Criterion I2 — Sufficiency


Validity type	Internal
Pass condition	Isolating or restoring the proposed component(s) reproduces the target behavior
Evidence family	Causal
Minimum reporting	Circuit-only forward pass result OR patching-in result; metric and recovery fraction; comparison to full-model baseline
Common failure mode	Showing necessity only; never running a circuit-only forward pass or restoration test

What this criterion requires

Sufficiency asks: does keeping only this component (ablating everything else) reproduce the behavior?

Two operationalizations:

Circuit-only forward pass (complement ablation): Ablate all components not in the proposed circuit. Measure whether the circuit alone produces the target behavior at ≥ 70% of the full-model level (threshold should be pre-stated per C1).

Patching-in: Start with a corrupted run. Patch the circuit’s activations from a clean run into the corrupted run. Measure recovery. ≥ 70% of the clean-corrupted difference is a standard threshold.

The faithfulness metric

faithfulness = (logit_diff(patched circuit) - logit_diff(corrupted))
               / (logit_diff(clean) - logit_diff(corrupted))

Reference points (GPT-2 Small):

IOI circuit: 87% (Wang et al. 2022)
Greater-Than circuit: 89.5% (Hanna et al. 2023)
SVA circuit: 93% (Lazo et al. 2025)

What sufficiency does not establish

Sufficiency does not establish specificity. A circuit that recovers 90% of the logit difference might also recover 85% on a completely unrelated task — a general-purpose structure. Task specificity (C3) must be tested separately.

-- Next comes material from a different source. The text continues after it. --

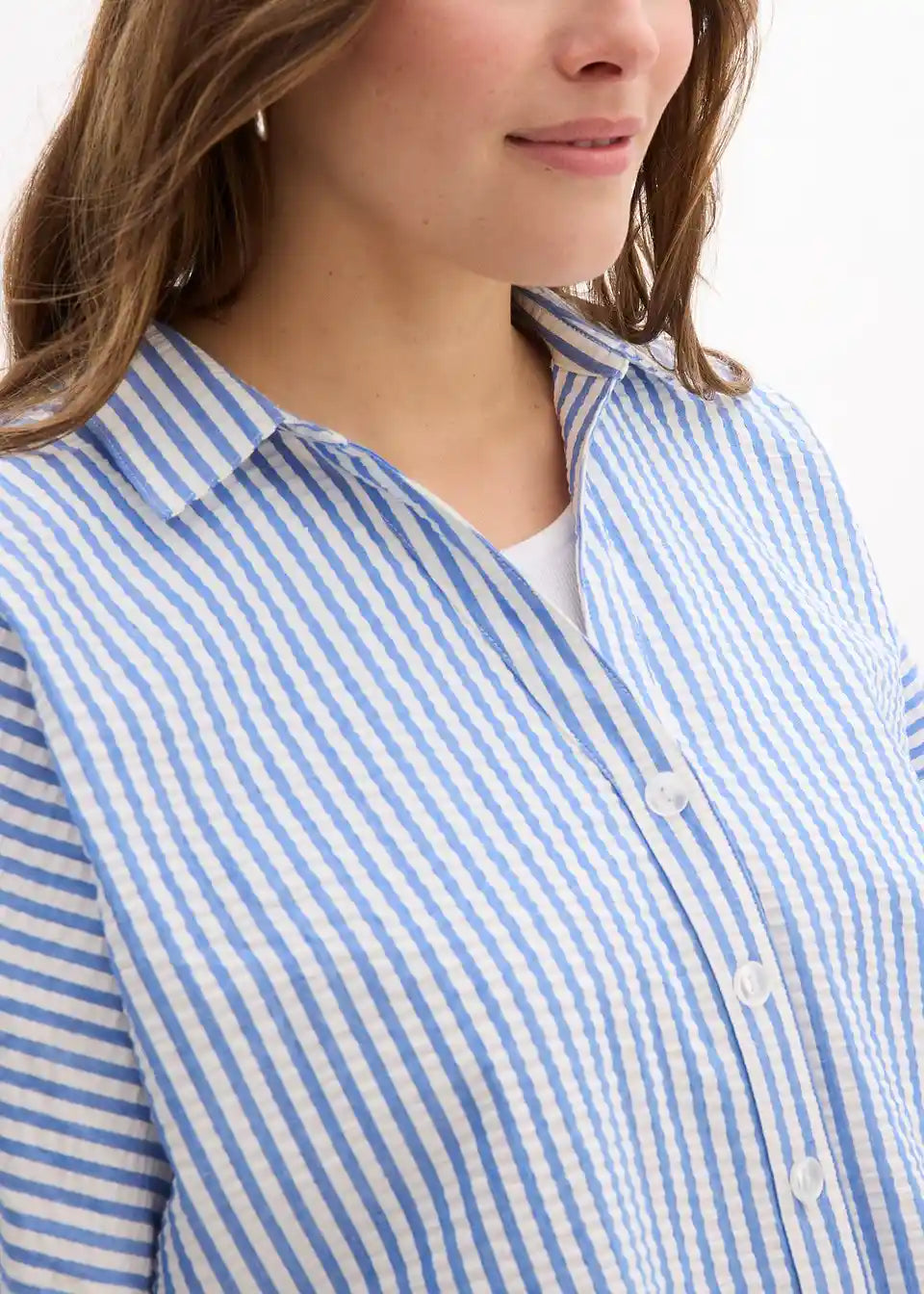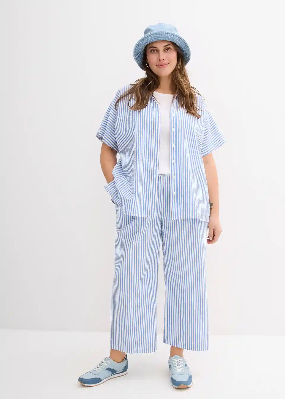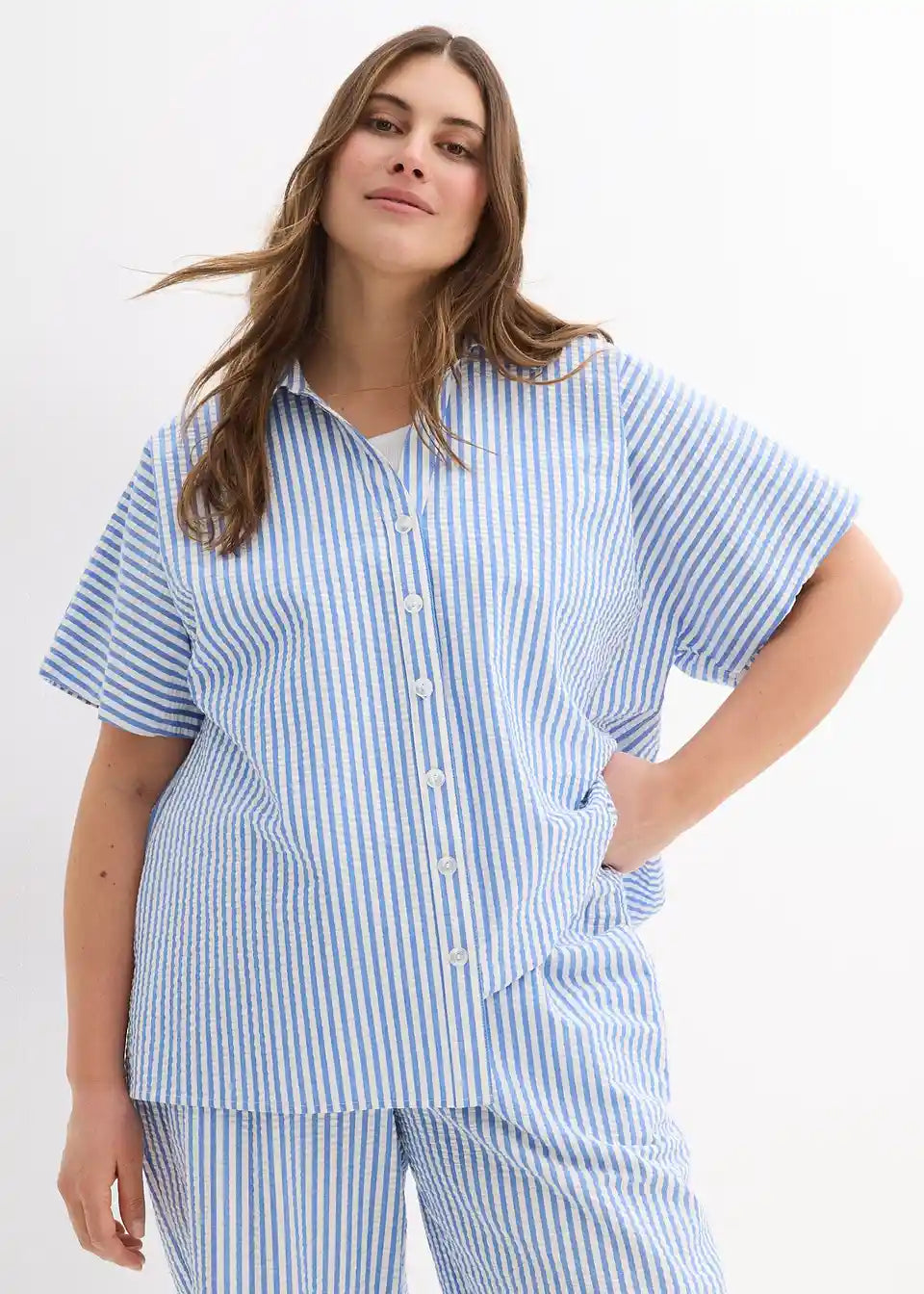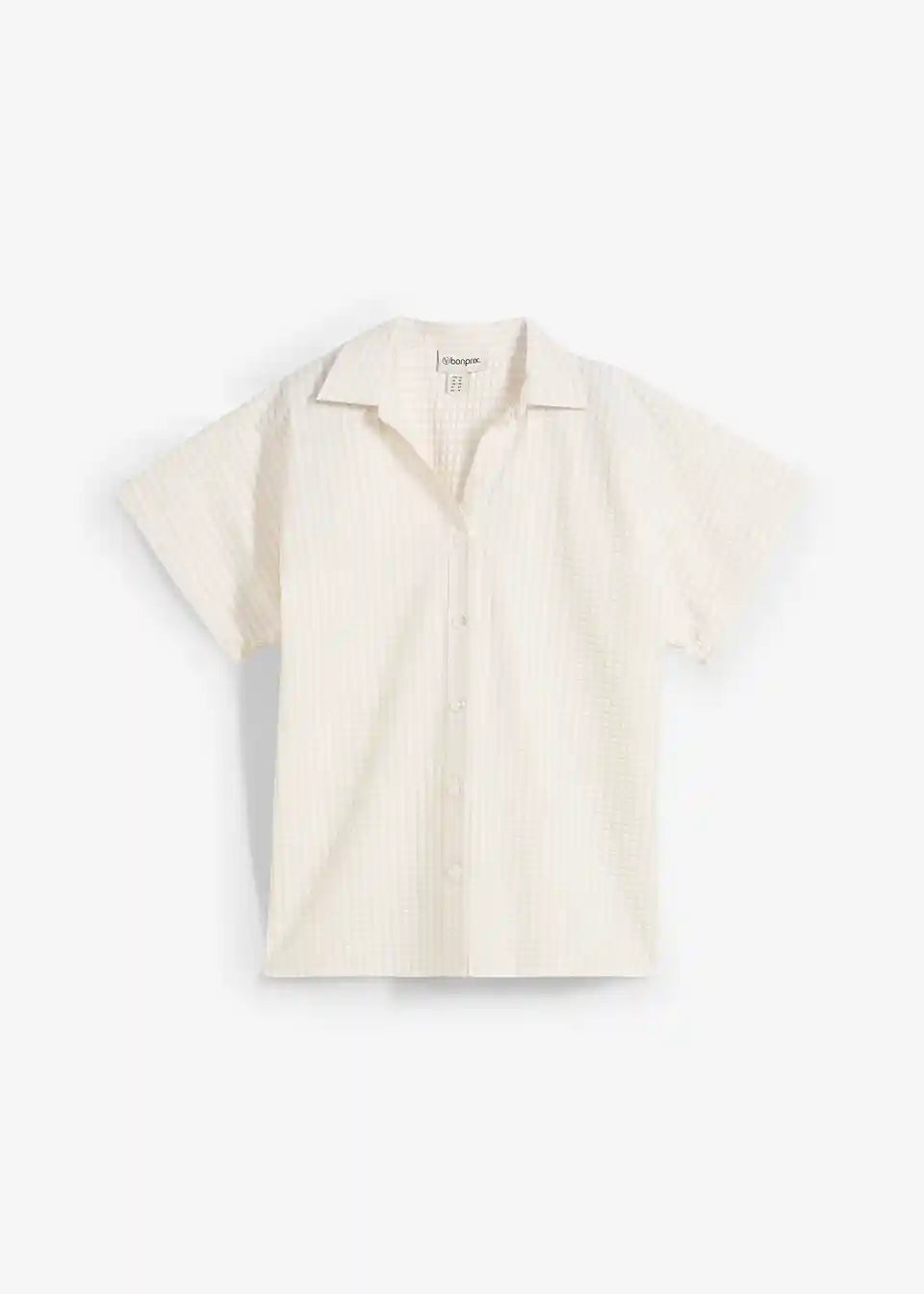 Majica s kratkimi rokavi iz lahkega strukturiranega materiala z gumbi. Ohlapen kroj.

Why sufficiency is required for mechanistic claims

A component might be necessary because it is upstream of the actual mechanism — ablating breaks everything downstream, but restoring alone doesn’t reproduce the behavior.
A component might appear necessary due to mean-field confounds.

Sufficiency rules out both: if restoring alone reproduces the behavior, the component is doing the relevant computation directly.

Minimum reporting rule

Which operationalization of sufficiency was used.
Recovery fraction and comparison to full-model baseline.
Pre-stated threshold and whether it was met.
If sufficiency was not tested: flag as open criterion.